Required action: Begin with the line below holding "Оптовый производитель: комплект" and go on through the line holding "Шторка на ванну", duplicating each line exactly and leaving out pictures.

Material for this task:
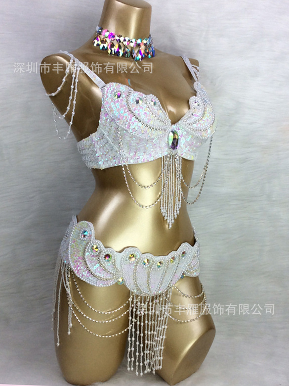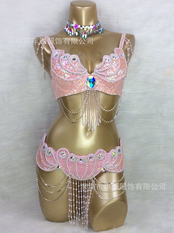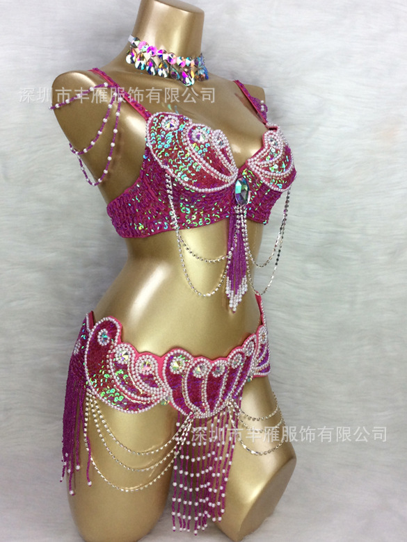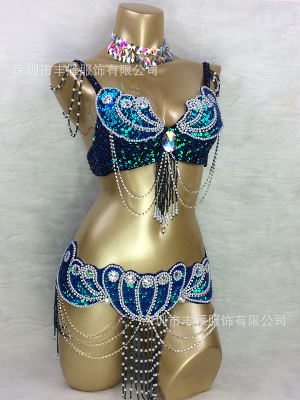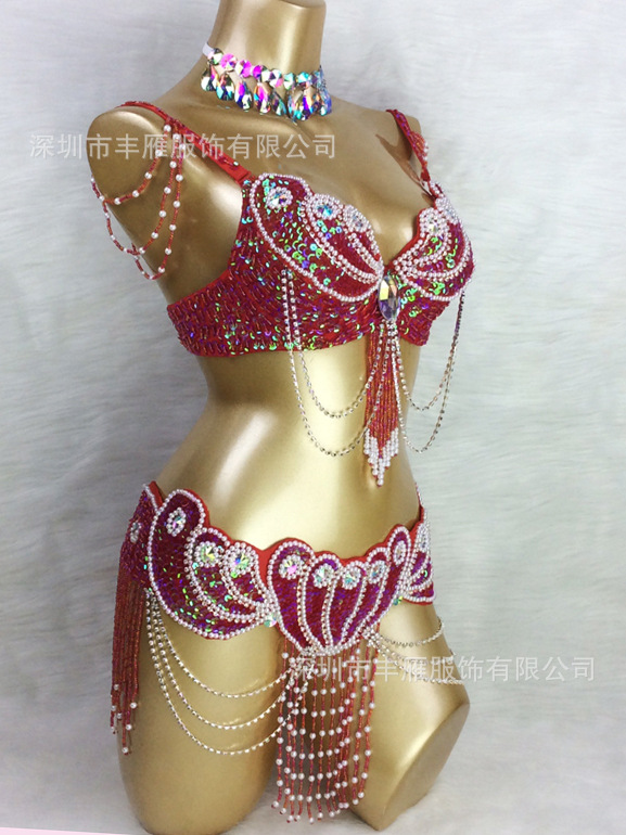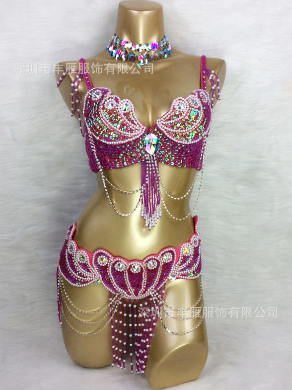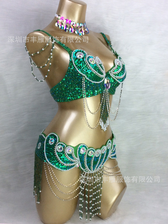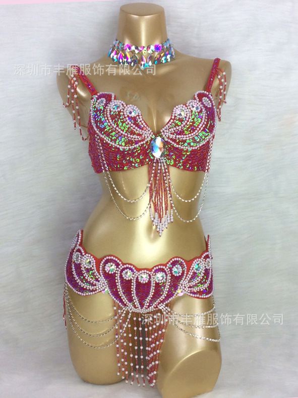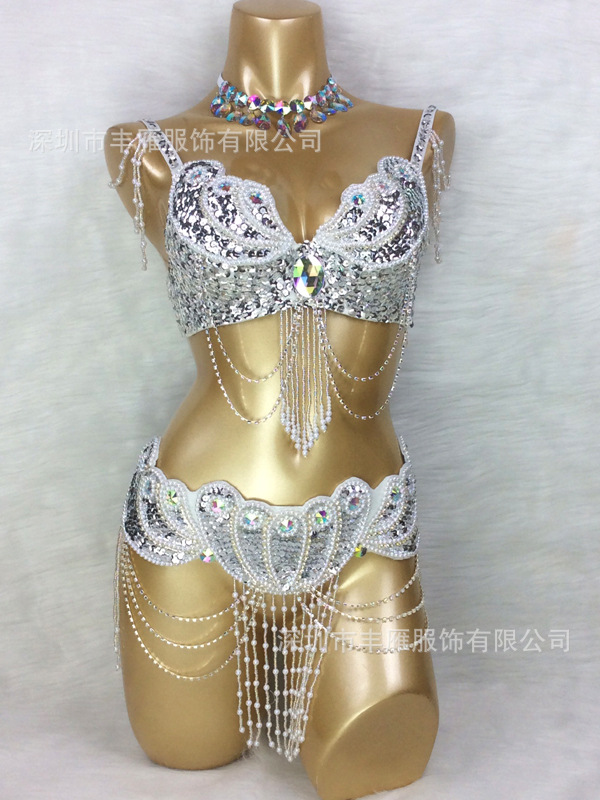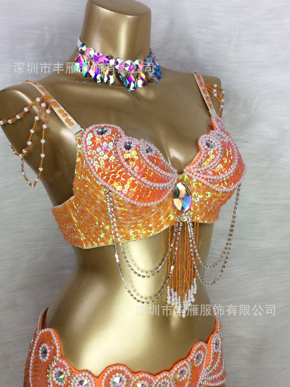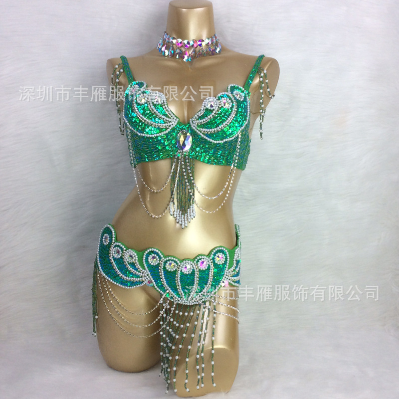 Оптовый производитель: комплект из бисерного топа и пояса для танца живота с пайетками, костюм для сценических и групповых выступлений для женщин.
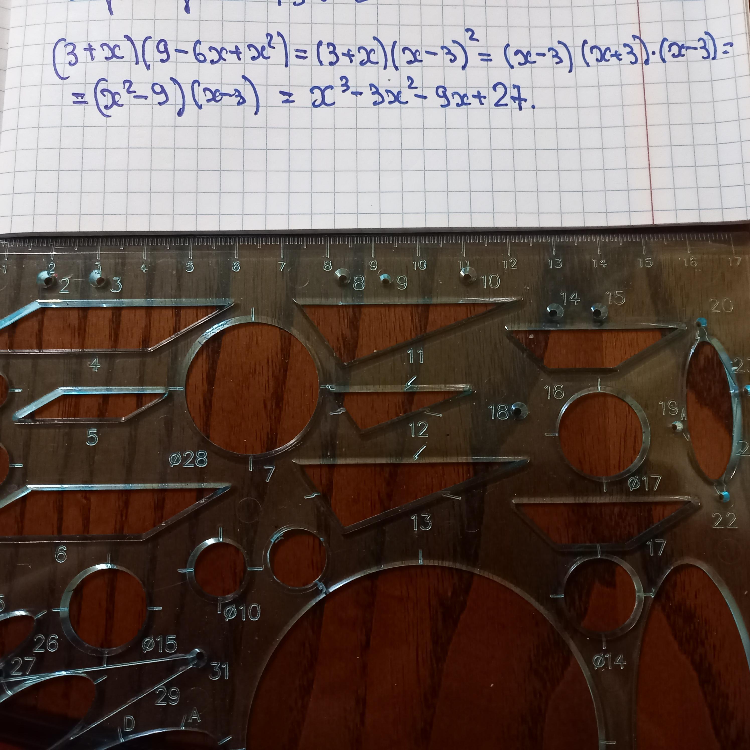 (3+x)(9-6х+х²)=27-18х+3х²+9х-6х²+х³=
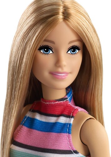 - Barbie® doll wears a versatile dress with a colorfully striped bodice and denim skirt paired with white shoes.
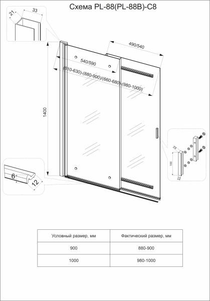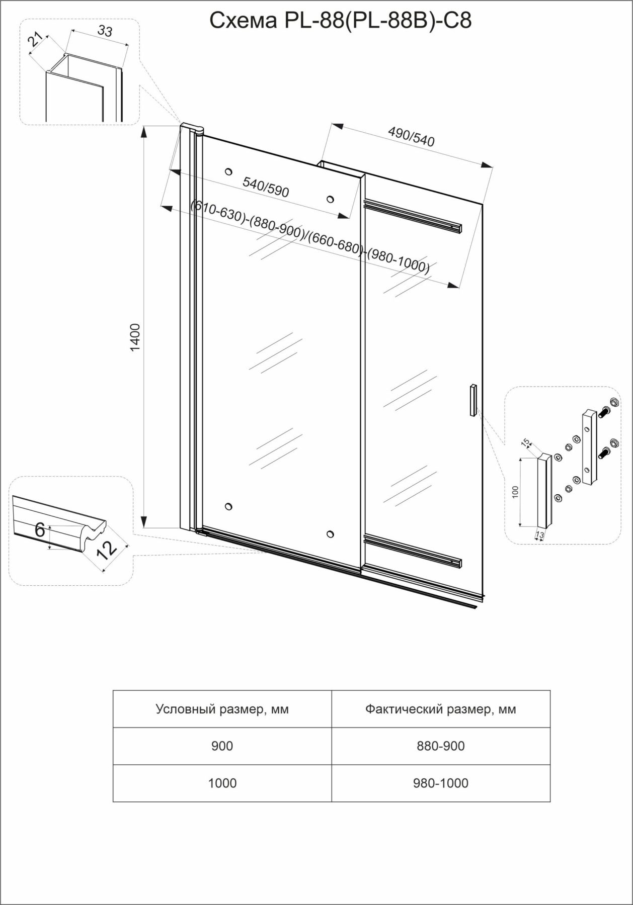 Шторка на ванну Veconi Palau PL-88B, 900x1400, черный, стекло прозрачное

--

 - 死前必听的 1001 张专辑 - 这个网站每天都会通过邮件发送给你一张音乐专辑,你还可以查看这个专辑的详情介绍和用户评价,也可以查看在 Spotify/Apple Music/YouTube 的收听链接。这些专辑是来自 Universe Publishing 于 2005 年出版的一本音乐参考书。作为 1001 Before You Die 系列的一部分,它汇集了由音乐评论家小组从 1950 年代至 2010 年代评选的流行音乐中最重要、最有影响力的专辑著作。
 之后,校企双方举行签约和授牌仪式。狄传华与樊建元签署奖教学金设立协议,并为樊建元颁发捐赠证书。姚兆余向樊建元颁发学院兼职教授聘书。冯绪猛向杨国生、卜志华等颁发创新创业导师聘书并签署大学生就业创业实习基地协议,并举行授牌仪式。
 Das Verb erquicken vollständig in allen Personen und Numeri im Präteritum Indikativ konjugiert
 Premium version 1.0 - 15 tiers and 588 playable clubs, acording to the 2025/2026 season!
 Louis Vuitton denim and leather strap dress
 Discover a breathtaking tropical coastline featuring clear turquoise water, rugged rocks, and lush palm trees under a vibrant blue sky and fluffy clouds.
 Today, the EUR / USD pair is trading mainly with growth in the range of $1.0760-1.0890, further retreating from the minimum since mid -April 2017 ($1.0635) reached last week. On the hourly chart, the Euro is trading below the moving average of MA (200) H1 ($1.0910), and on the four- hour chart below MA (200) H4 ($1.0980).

--

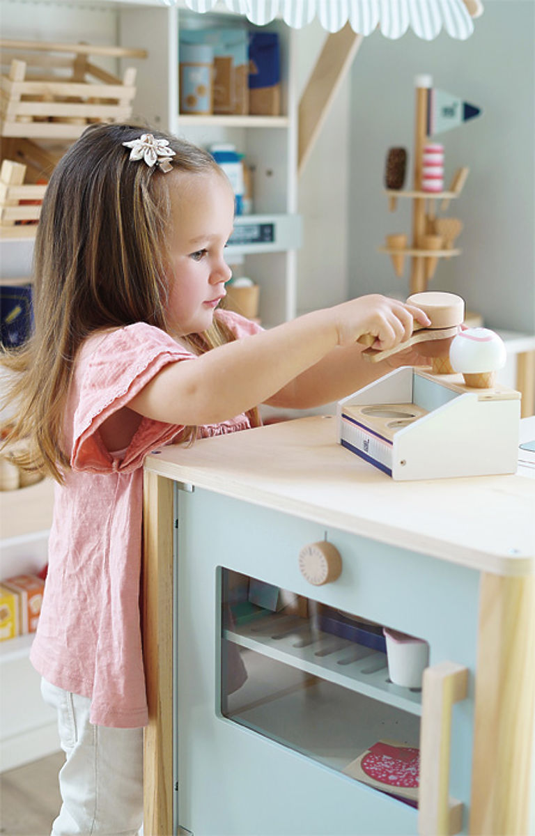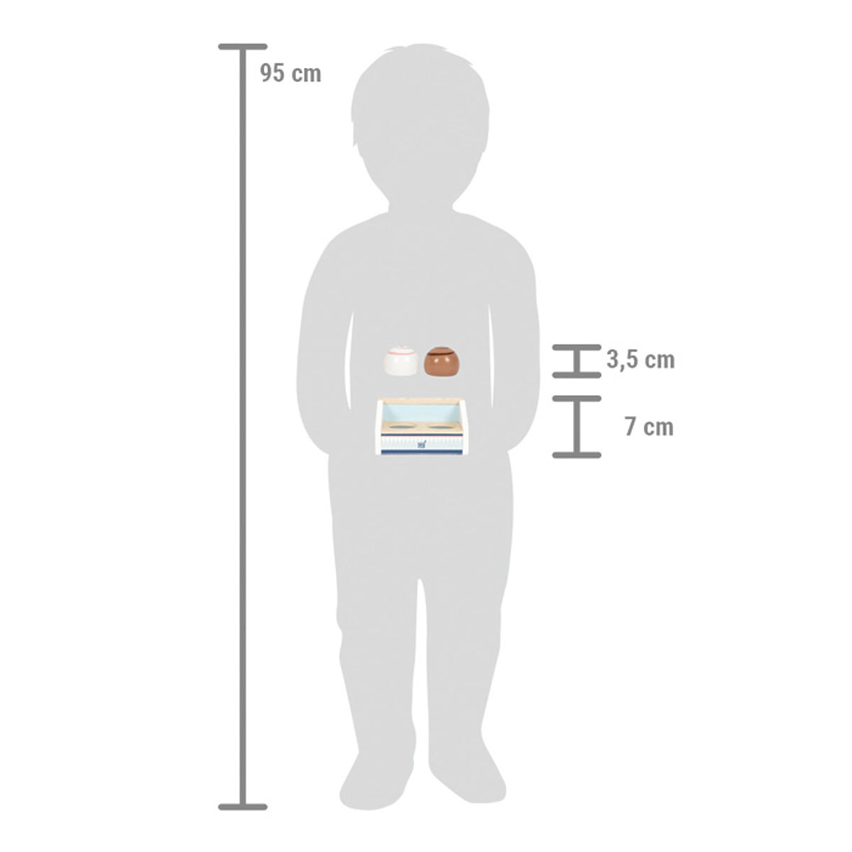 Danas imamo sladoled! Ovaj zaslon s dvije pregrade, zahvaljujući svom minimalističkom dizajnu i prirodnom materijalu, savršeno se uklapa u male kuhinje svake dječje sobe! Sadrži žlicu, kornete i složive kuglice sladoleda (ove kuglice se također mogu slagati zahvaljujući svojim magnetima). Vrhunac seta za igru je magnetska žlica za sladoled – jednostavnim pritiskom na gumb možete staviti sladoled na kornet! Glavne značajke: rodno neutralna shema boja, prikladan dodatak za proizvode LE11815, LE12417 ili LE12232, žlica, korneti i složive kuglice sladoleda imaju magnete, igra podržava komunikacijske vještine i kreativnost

Task result:
 Оптовый производитель: комплект из бисерного топа и пояса для танца живота с пайетками, костюм для сценических и групповых выступлений для женщин.
 (3+x)(9-6х+х²)=27-18х+3х²+9х-6х²+х³=
 - Barbie® doll wears a versatile dress with a colorfully striped bodice and denim skirt paired with white shoes.
 Шторка на ванну Veconi Palau PL-88B, 900x1400, черный, стекло прозрачное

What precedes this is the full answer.